**Given information**:

——

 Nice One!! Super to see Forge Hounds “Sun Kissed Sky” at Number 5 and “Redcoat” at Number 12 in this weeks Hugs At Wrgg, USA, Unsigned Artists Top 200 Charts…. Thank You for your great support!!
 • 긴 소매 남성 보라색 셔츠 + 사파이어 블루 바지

——

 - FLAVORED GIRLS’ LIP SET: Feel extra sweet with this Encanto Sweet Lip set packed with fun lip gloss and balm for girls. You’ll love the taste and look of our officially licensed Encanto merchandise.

——

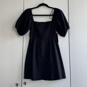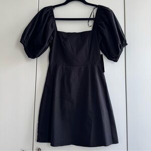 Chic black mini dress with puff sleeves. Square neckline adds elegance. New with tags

——

**Exercise description**: Among the records above, extract exactly the lines from the line with "Nice One!! Super" to the line with "셔츠 + 사파이어 블루 바지", both lines included, and leave out the rest.

**Worked solution**:
 Nice One!! Super to see Forge Hounds “Sun Kissed Sky” at Number 5 and “Redcoat” at Number 12 in this weeks Hugs At Wrgg, USA, Unsigned Artists Top 200 Charts…. Thank You for your great support!!
 • 긴 소매 남성 보라색 셔츠 + 사파이어 블루 바지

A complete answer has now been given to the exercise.